- The problem
Please quote exactly the lines below from the line containing "Para criar uma" to the line containing "اجرای کف سازی", both lines included, and nothing else.

- Provided records
━━━━

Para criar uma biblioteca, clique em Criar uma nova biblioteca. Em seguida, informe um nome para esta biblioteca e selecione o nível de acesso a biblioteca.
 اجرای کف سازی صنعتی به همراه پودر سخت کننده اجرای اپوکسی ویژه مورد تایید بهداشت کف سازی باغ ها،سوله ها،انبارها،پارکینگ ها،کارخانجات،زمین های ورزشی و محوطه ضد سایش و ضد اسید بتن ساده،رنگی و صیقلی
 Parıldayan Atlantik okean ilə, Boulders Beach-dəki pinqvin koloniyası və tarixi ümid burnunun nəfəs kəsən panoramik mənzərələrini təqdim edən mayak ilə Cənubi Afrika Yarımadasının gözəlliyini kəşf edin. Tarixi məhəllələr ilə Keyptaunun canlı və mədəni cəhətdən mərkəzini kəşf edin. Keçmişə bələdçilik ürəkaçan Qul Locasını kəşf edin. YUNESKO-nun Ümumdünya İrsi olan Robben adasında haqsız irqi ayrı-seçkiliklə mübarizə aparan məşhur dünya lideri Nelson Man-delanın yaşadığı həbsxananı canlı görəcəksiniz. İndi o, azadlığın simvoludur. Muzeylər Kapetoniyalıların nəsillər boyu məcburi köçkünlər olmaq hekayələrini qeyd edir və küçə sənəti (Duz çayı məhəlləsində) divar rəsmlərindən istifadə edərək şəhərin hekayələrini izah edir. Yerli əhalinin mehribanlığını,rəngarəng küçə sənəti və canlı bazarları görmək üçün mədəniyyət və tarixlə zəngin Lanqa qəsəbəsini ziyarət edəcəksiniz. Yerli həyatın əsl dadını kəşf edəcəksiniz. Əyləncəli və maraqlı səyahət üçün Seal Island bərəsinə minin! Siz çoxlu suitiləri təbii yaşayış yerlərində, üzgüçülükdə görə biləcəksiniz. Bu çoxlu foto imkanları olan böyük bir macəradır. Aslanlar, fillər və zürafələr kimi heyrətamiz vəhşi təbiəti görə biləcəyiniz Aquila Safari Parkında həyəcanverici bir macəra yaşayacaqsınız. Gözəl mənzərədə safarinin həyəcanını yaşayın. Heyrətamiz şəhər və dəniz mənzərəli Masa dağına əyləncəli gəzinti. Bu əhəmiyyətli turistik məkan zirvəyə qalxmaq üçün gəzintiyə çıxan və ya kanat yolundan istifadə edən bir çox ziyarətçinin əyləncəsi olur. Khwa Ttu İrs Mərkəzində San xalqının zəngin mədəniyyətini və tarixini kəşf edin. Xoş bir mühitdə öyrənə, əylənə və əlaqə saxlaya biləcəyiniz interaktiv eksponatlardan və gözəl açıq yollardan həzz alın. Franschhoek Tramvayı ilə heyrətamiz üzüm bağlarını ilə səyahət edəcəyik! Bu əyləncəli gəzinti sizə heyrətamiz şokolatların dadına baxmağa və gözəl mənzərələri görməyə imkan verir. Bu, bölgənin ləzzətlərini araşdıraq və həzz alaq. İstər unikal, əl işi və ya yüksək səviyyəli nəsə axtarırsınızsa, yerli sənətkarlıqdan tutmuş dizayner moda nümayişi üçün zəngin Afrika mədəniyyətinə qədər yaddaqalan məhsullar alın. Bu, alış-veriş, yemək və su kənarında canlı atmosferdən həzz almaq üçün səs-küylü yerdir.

━━━━

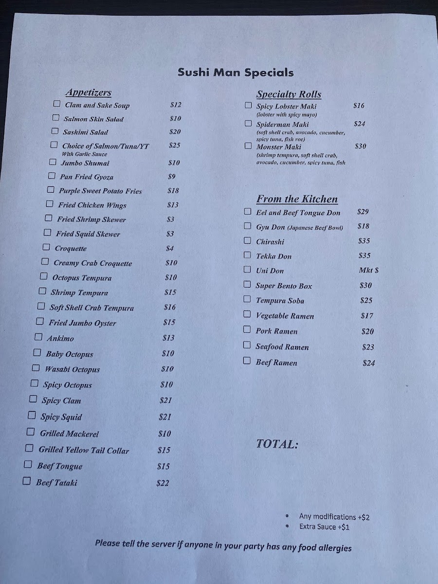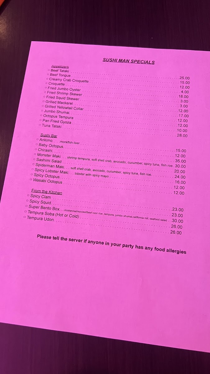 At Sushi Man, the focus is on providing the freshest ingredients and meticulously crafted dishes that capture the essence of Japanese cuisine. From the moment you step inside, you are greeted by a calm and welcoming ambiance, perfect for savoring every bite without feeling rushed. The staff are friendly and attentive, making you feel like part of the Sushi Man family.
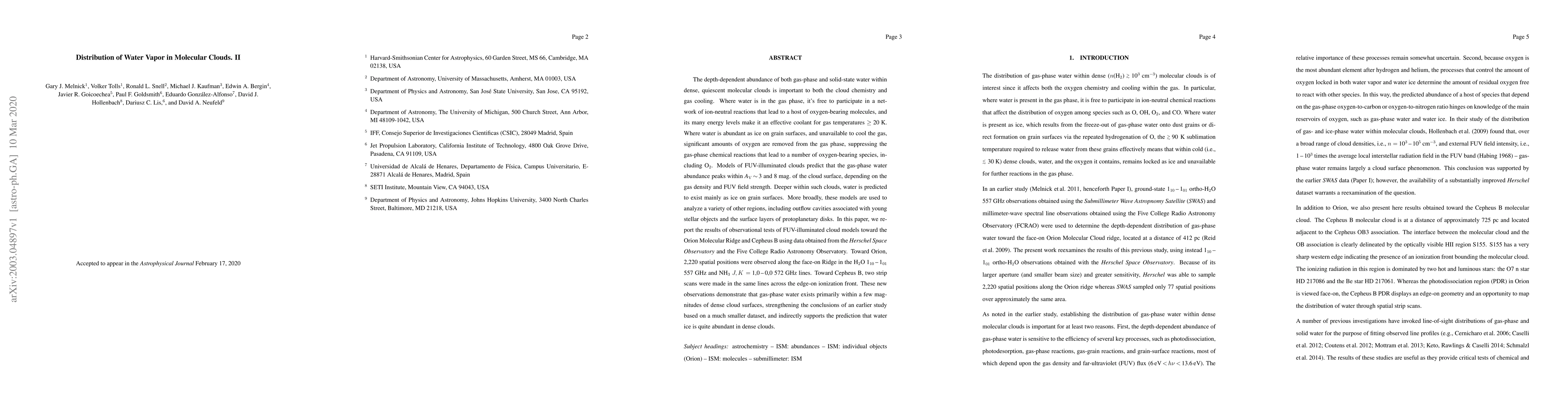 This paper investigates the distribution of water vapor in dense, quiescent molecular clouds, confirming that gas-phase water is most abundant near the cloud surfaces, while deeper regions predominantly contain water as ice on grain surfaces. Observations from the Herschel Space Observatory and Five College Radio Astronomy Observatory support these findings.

━━━━

- Exercise result
Para criar uma biblioteca, clique em Criar uma nova biblioteca. Em seguida, informe um nome para esta biblioteca e selecione o nível de acesso a biblioteca.
 اجرای کف سازی صنعتی به همراه پودر سخت کننده اجرای اپوکسی ویژه مورد تایید بهداشت کف سازی باغ ها،سوله ها،انبارها،پارکینگ ها،کارخانجات،زمین های ورزشی و محوطه ضد سایش و ضد اسید بتن ساده،رنگی و صیقلی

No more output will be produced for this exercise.